Almanya Başbakanı Schroeder'in Türkiye'ye yaptığı ziyaret ve vadettiği destek de anlamlı. Üstadımız Sami Kohen, "AB yolu açılıyor" başlıklı yazısında, Türkiye - AB ilişkilerini yakından izleyen bir Avrupalı diplomatın şu sözlerini aktarıyor: "AB'nin bu yıl sonu, Ankara'ya müzakere tarihi vermesi artık kaçınılmaz görünüyor." (Milliyet, 24 Şubat 2004) Financial Times'ın Brüksel kaynaklı haberinde de, Türkiye'nin reform çabalarının Brüksel'de güven yaratmaya başladığı belirtilerek bir AB yetkilisinin şu sözleri aktarılıyor: "Bir B planımız yok; Türkiye ile tam üyelik görüşmelerine başlamaktan kaçınmamız olanaksız." (F.Times, 25 Şubat 2004)
Bu olumlu gelişmelere karşın "bu iş bitti, AB tam üyelik görüşmelerine başlamak için Türkiye'ye mutlaka tarih verecek" demek için erken. Ancak bu noktaya yaklaşmakta olduğumuz anlaşılıyor. "Ne yaparsak yapalım AB bir bahane bizi gene reddeder" diye düşünenler ve AB içinde yer almanın Türkiye için bir felaket olacağını iddia edenler telaşlanmakta haklı bu ortamda.
Türkiye ve AB
Türkiye'nin AB ile bütünleşmesi konusunda çok farklı fikirler duyuyorum çevremde. AB ile bütünleşmenin Türkiye'nin önünü açacağını ve kendi dinamikleriyle başaramadığı dönüşümleri bu sayede tamamlayacağını düşünenler çoğunlukta. Türkiye'yi Avrupalı olmasını istemekle birlikte Türkiye'nin AB ile bütünleşmeye hazır olmadığını düşünenler ikinci grubu oluşturuyor. Tabii Türkiye'nin AB içinde yer almasının ulusal bağımsızlığını kaybetmesi anlamına geleceğini ve politika seçeneklerini sınırlayacağını düşünen ve bu nedenle AB ile bütünleşmeye karşı çıkanları da unutmamak lazım. Daha ileri gidip AB ile bütünleşme projesini Türkiye Cumhuriyeti'ne ve laik rejime karşı kurulmuş bir tuzak olarak görenler de yok değil.

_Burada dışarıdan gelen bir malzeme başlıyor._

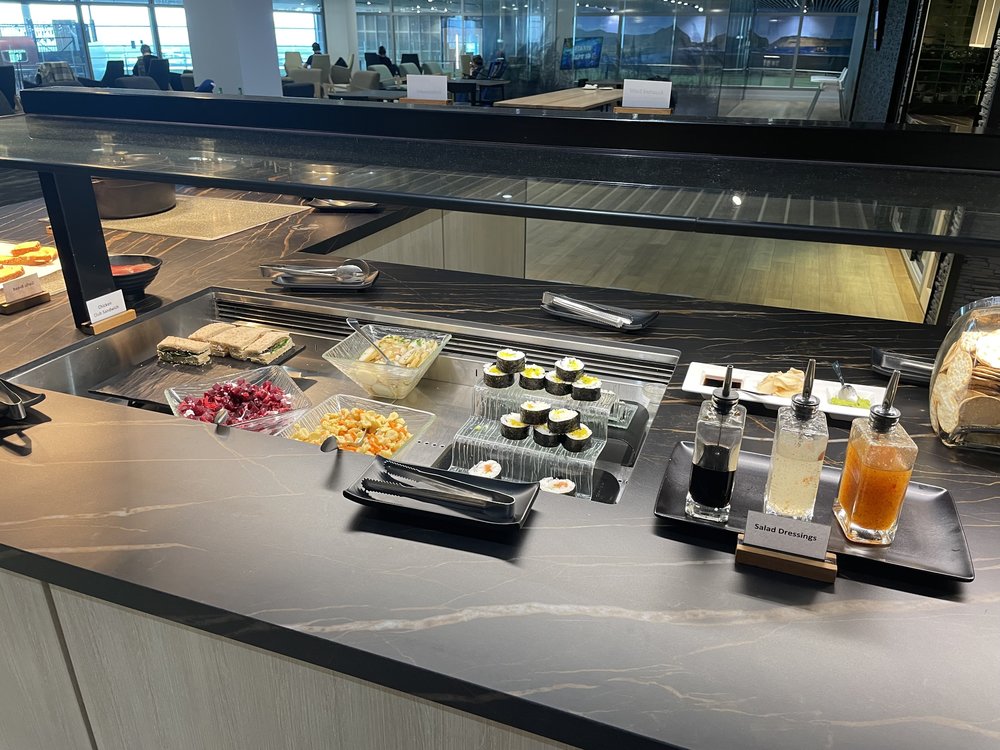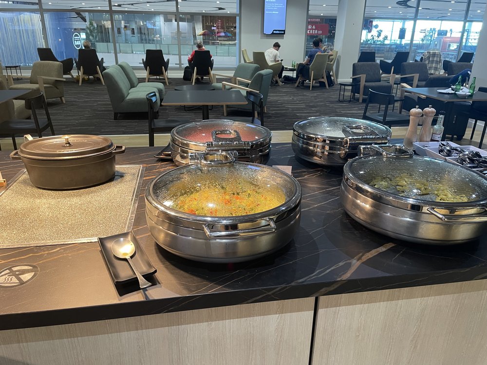 The lounge is open from 4:30am until 11pm daily. After you pass through security and enter the international terminal, the lounge is located on the second level just after the large duty free shop. You’ll find the escalators on your right, heading to the Strata Lounge along with both Qantas and Emirates lounge.

Türkiye'nin AB içinde yer alma iddiasını, şu anda yeni bir küresel düzenin oluşmakta olduğunu gözardı etmeden değerlendirmek galiba en doğrusu. Yeni küresel düzenin çerçevesi henüz tam olarak belirlenmiş değil ama herkesin, her ülkenin eninde sonunda uymak zorunda kalacağı bir küresel kurallar ve ilkeler sisteminin geçerli olacağı bir küresel düzenin kurulması gündemde. Ancak bu yeni düzenin çerçevesi ve küresel boyutta nasıl geçerli kılınacağı şu an için tartışma konusu. ABD, kendi işine gelen bir yapılanmayı, gereğinde askeri güç de kullanarak herkese kabul ettirmek ve yeni küresel düzenin tek hakimi konumuna gelmek isterken AB'nin tamamen farklı bir yöntemle, zora ve askere başvurmadan etki alanını genişletme ve kendi felsefesini yayma yolunda olduğu görülüyor.
Postmodern imparatorluk
Halen AB Konseyi Dış İlişkiler ve Siyasi - Askeri İşler Direktörü olan Robert Cooper, The Braking of Nations (Ulusların Dağılması) adlı kitabında, günümüzde en geniş kapsamlı emperyal yayılmayı aslında AB'nin gerçekleştirdiğini belirterek şöyle diyor: "Son yıllarda, AB üyesi olmayı amaçlayan birçok orta Avrupa ülkesi, anayasalarını ve yasalarını değiştirdi, piyasa ekonomisi kurallarını geçerli kıldı, yolsuzluklarla mücadele kurulları oluşturdu ve AB yasalarının büyük bölümünü kabul etti. Aynı amaçla ölüm cezasını kaldıran ve azınlık haklarını kabul eden Türkiye'de yaşanan gelişmeler özellikle çarpıcıydı. Başka bir çağda bu tür bir değişim ancak sömürgeci bir gücün diktası altında gerçekleşebilirdi. Bugünün dünyasında ise söz konusu reformların, postmodern imparatorluğa tam üye olarak katılmak ve yönetiminde söz sahibi olmak isteyen ülkelerin gönüllü çabalarıyla gerçekleştiğini görüyoruz. Bu gönüllü katılım biçimi bu imparatorluk türüne kalıcı bir meşruiyet sağlıyor ve uzun süre yaşama şansını kazandırıyor."
Cooper'ın "postmodern imparatorluk" diye nitelediği AB içinde yer almak Türkiye için de en iyi tercih mi? Türkiye'nin AB üyeliğini bir de bu açıdan değerlendirmekte yarar var.